C title Address: http://codeforces.com/contest/1215/problem/C
The meaning of problems: there are two strings of the same length, by "a", "b" composed of two single character strings can be interchanged at any position, the minimum number Q become the same exchange of the two strings, You can not become the same as the output "-1."
Ideas: certainly not the same exchange, the number of ab and ba see the odd certainly can not become the same, the two-step ab or ba may become the same, ab and ba to two steps.
AC :( limited level of code, the code slightly longer please understand)

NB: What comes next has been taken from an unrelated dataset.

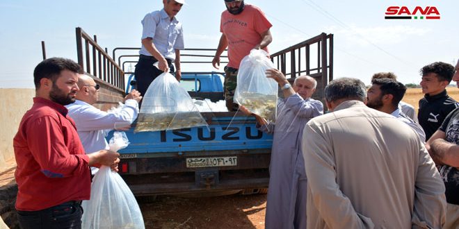 بدأت الهيئة العامة للثروة السمكية بالتعاون مع مديرية زراعة حمص اليوم بتوزيع منحة إصبعيات أسماك على 100مستفيد بمحافظة حمص في إطار خطة الهيئة العامة للثروة السمكية لنشر ثقافة مزارع الأسماك الأسرية.
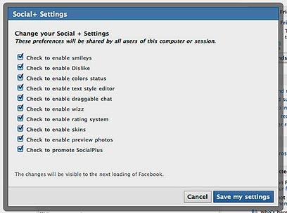 SocialPlus הוא שם התוסף, שמיועד בלעדית לפייסבוק (דהיינו, הוא לא משנה שום דבר בדפדפן עצמו, ואפילו לא מוסיף אייקון סמוך לשורת הכתובות – אלא פועל בתוך הרשת החברתית בלבד).

1 #include <iostream> 2 #include <cstdio> 3 #include <cstring> 4 using namespace std; 5 typedef long long ll; 6 int main(){ 7 int n; 8 cin>>n; 9 char s1[200005],s2[200005]; 10 for(int i=1;i<=n;i++) 11 cin>>s1[i]; 12 getchar(); 13 for(int i=1;i<=n;i++) 14 cin>>s2[i]; 15 int num_ab=0,num_ba=0; 16 int aa[200005]={0},ab[200005]={0}; 17 for(int i=1;i<=n;i++){ 18 if(s1[i]=='a'&&s2[i]=='b'){ 19 num_ab++; 20 aa[num_ab]=i; 21 } 22 else if(s1[i]=='b'&&s2[i]=='a'){ 23 num_ba++; 24 ab[num_ba]=i; 25 } 26 } 27 if((num_ab+num_ba)&1) cout<<"-1"<<endl; 28 else{ 29 if(num_ab&1){ 30 cout<<num_ab/2+num_ba/2+2<<endl; 31 for(int i=1;i<num_ab;i+=2) 32 cout<<aa[i]<<" "<<aa[i+1]<<endl; 33 for(int i=1;i<num_ba;i+=2) 34 cout<<ab[i]<<" "<<ab[i+1]<<endl; 35 cout<<aa[num_ab]<<" "<<aa[num_ab]<<endl<<aa[num_ab]<<" "<<ab[num_ba]<<endl; 36 } 37 else{ 38 cout<<(num_ab+num_ba)/2<<endl; 39 for(int i=1;i<=num_ab;i+=2) 40 cout<<aa[i]<<" "<<aa[i+1]<<endl; 41 for(int i=1;i<=num_ba;i+=2) 42 cout<<ab[i]<<" "<<ab[i+1]<<endl; 43 } 44 } 45 return 0; 46 }
D topics Address: http://codeforces.com/contest/1215/problem/D
Meaning of the questions: Monocarp and Bicarp two people to fill the ticket numbers (0-9), the table can be filled, digital table already, if after filling out the first half of the sum equal to the sum of the second half, Bicarp wins, otherwise Monocarp wins'? " , Monocarp to fill in, fill in the number of tickets and the total length of all even numbers.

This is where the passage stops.